Word for word, restate the lines of the data below between those holding "Overall strengths and" and "別の写真から画像を切り抜き合", inclusive; pictures do not belong in the copy.
[RECORD EXTRACTS — start]
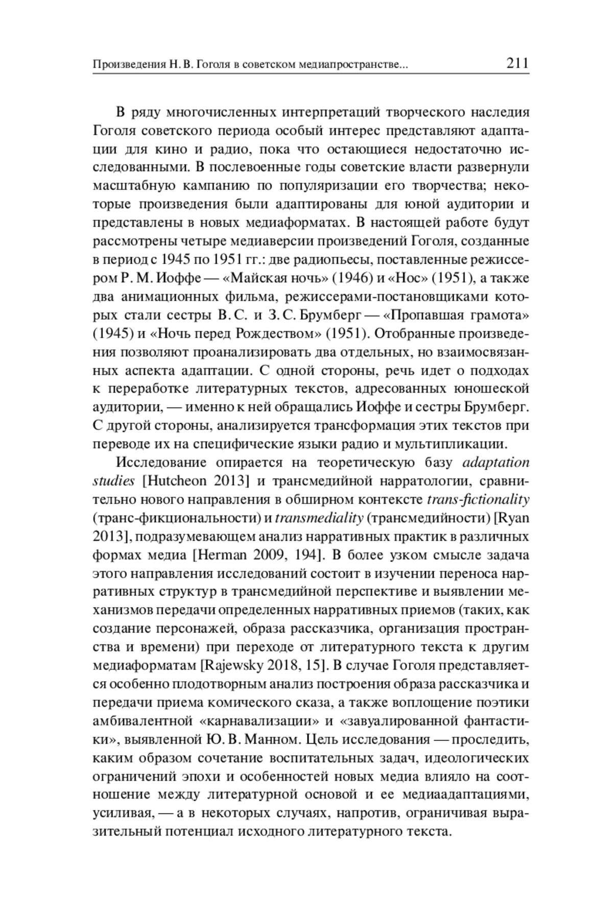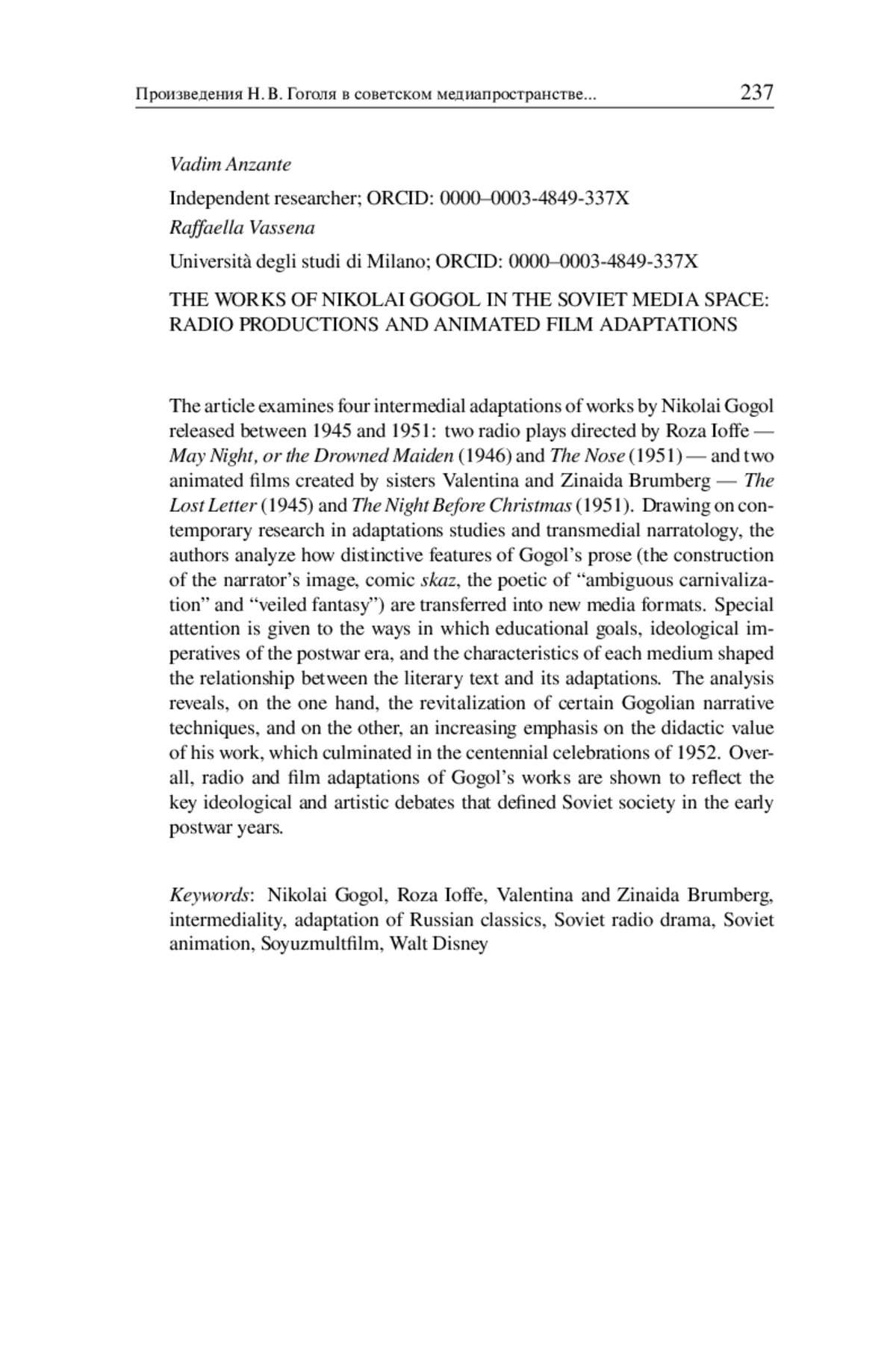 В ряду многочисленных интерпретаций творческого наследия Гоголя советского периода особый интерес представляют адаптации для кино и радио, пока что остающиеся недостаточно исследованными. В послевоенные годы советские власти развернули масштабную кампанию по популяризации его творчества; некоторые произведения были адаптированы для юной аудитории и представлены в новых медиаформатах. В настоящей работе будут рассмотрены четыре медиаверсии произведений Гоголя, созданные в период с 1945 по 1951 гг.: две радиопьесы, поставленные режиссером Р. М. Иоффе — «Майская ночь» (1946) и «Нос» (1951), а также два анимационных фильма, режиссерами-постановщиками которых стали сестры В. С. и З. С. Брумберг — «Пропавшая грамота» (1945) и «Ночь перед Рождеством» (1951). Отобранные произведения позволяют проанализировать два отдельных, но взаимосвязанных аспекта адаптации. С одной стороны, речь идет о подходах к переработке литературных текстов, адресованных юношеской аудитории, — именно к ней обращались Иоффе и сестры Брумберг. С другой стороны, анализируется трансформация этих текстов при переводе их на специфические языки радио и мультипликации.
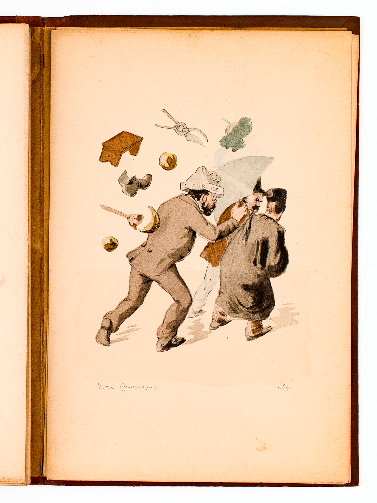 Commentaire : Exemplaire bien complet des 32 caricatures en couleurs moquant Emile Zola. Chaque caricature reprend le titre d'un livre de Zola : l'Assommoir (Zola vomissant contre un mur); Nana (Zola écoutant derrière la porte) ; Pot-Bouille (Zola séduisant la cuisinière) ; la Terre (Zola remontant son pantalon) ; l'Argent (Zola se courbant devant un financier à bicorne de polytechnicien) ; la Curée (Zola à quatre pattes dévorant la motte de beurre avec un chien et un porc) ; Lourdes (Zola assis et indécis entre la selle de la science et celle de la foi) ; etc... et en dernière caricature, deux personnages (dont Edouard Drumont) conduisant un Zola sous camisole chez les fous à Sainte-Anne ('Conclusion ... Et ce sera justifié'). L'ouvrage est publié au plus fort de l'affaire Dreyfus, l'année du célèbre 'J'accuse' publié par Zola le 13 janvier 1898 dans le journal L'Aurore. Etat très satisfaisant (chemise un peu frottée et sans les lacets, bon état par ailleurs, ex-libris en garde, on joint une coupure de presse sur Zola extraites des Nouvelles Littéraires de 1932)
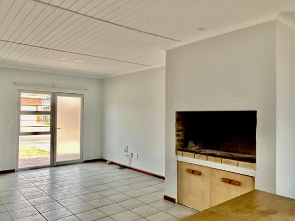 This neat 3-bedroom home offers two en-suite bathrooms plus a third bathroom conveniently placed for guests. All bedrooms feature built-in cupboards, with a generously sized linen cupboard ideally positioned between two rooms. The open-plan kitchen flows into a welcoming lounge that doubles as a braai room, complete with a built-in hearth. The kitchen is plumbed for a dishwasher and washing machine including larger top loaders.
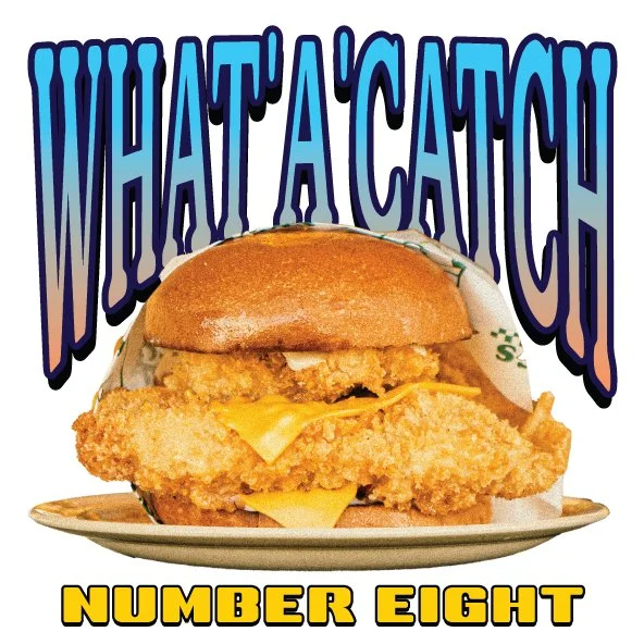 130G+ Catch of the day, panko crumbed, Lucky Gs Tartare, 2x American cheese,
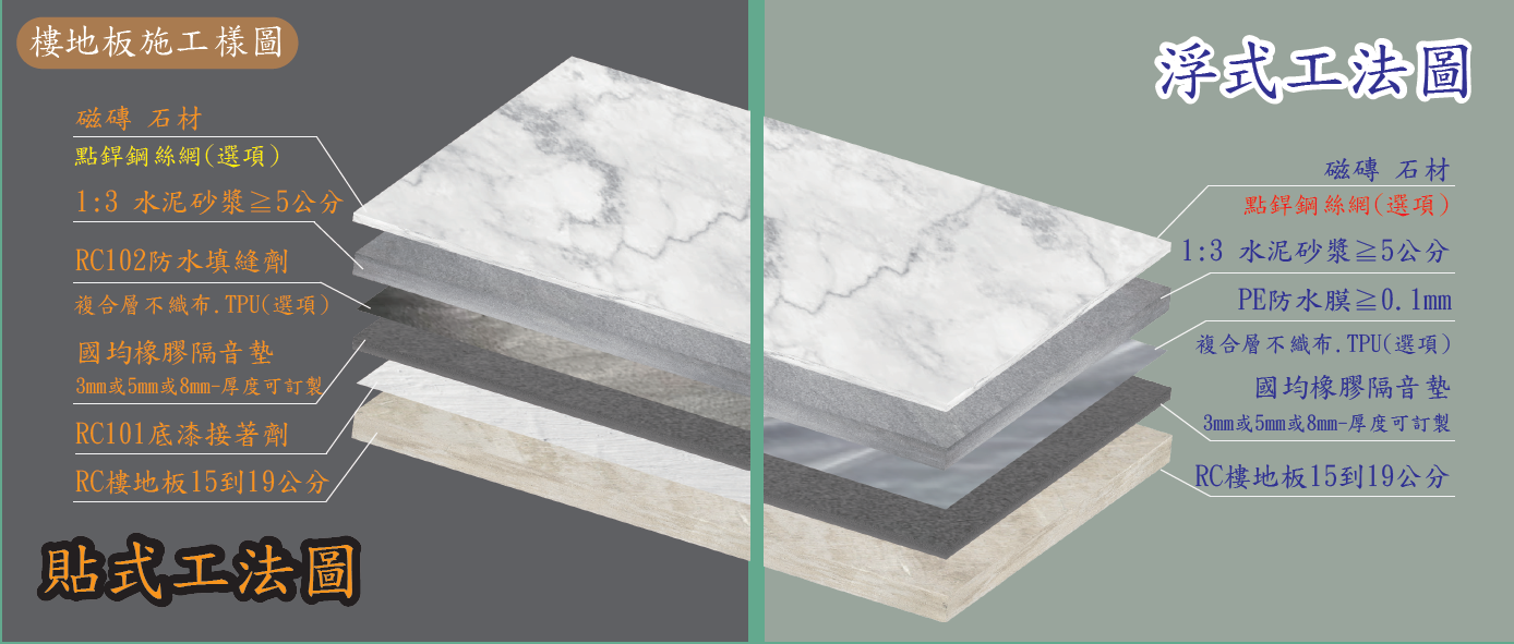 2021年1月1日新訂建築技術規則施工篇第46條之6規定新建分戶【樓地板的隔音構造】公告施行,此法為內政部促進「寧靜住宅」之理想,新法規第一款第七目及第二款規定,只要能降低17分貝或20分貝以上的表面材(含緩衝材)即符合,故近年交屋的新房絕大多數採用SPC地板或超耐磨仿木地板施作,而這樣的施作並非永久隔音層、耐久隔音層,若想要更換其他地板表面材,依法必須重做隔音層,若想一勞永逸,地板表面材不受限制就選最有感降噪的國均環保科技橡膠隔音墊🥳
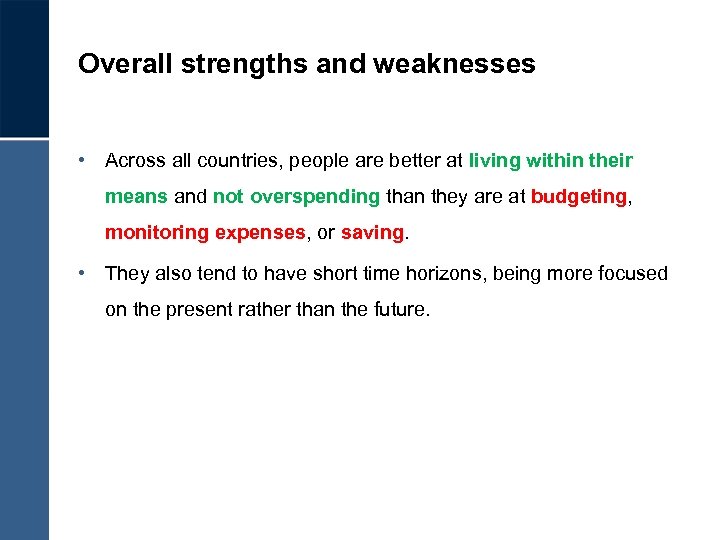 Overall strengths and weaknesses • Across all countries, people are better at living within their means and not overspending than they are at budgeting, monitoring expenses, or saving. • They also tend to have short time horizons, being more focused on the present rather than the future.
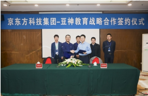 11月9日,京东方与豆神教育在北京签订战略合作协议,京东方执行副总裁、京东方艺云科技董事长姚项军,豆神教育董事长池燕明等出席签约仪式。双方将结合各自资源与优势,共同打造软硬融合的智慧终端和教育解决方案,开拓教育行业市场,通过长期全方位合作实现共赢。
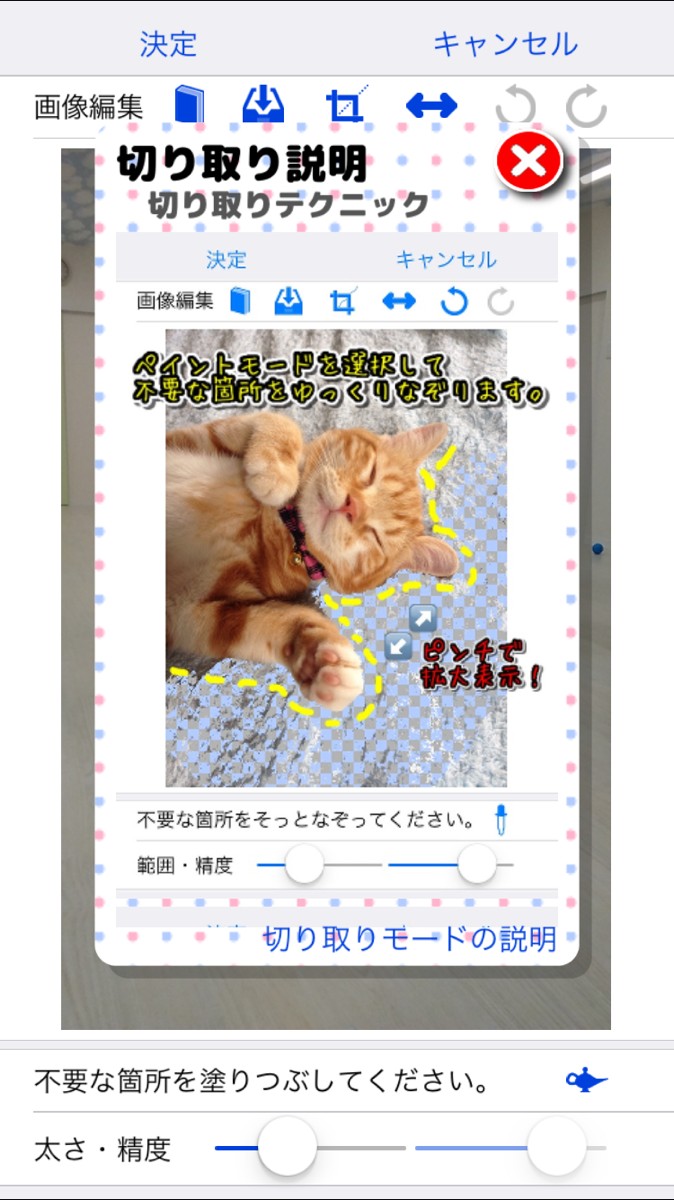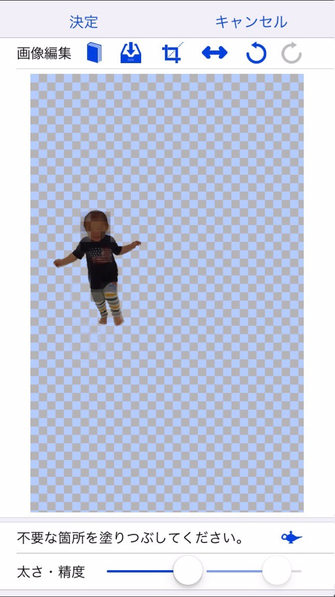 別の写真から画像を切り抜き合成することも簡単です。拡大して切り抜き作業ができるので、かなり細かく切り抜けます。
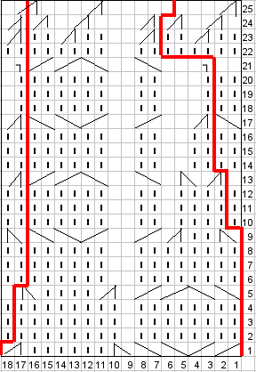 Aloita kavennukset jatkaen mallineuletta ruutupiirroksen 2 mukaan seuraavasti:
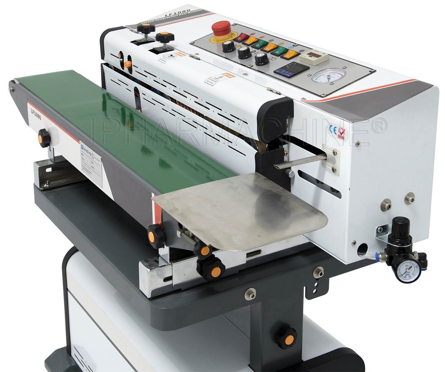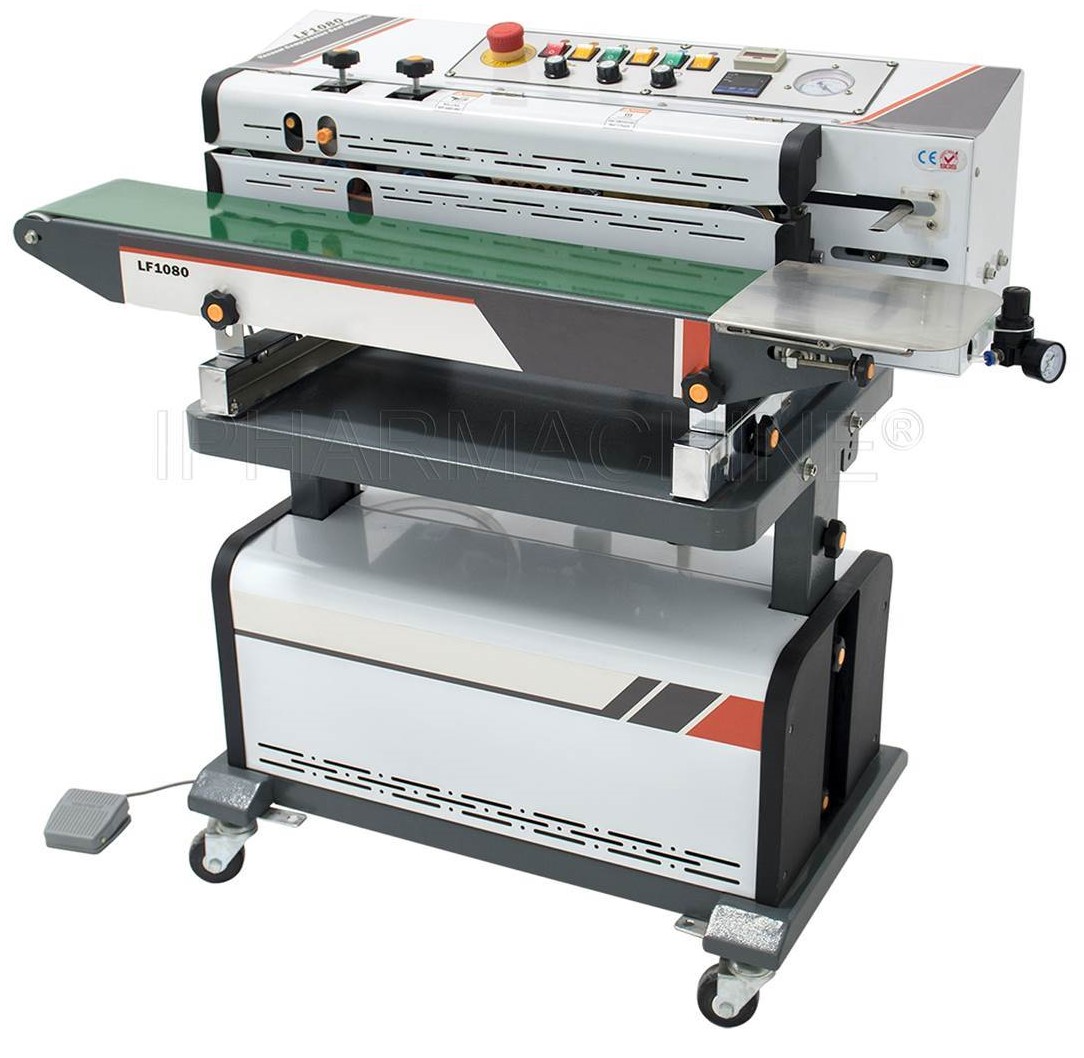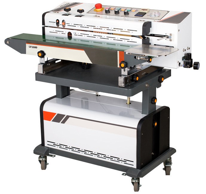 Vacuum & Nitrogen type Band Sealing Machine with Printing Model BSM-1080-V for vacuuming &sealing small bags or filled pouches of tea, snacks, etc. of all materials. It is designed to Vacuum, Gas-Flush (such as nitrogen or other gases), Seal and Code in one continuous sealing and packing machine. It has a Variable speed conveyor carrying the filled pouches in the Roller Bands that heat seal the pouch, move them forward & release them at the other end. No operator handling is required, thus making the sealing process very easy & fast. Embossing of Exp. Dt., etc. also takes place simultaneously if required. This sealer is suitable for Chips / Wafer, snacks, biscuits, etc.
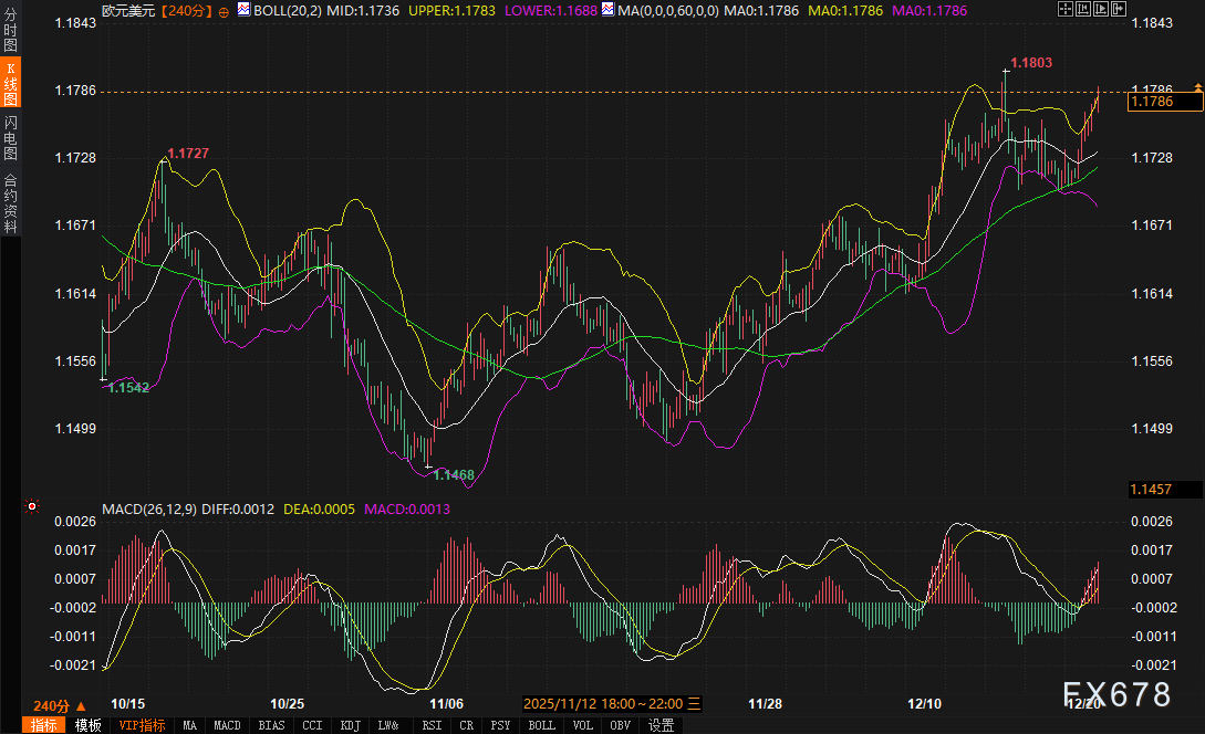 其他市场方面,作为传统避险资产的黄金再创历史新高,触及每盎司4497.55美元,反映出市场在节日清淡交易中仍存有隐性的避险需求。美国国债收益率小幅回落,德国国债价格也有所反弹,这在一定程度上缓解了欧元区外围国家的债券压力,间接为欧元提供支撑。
[RECORD EXTRACTS — finish]
- **EXERCISE RESULT**
 Overall strengths and weaknesses • Across all countries, people are better at living within their means and not overspending than they are at budgeting, monitoring expenses, or saving. • They also tend to have short time horizons, being more focused on the present rather than the future.
 11月9日,京东方与豆神教育在北京签订战略合作协议,京东方执行副总裁、京东方艺云科技董事长姚项军,豆神教育董事长池燕明等出席签约仪式。双方将结合各自资源与优势,共同打造软硬融合的智慧终端和教育解决方案,开拓教育行业市场,通过长期全方位合作实现共赢。
 別の写真から画像を切り抜き合成することも簡単です。拡大して切り抜き作業ができるので、かなり細かく切り抜けます。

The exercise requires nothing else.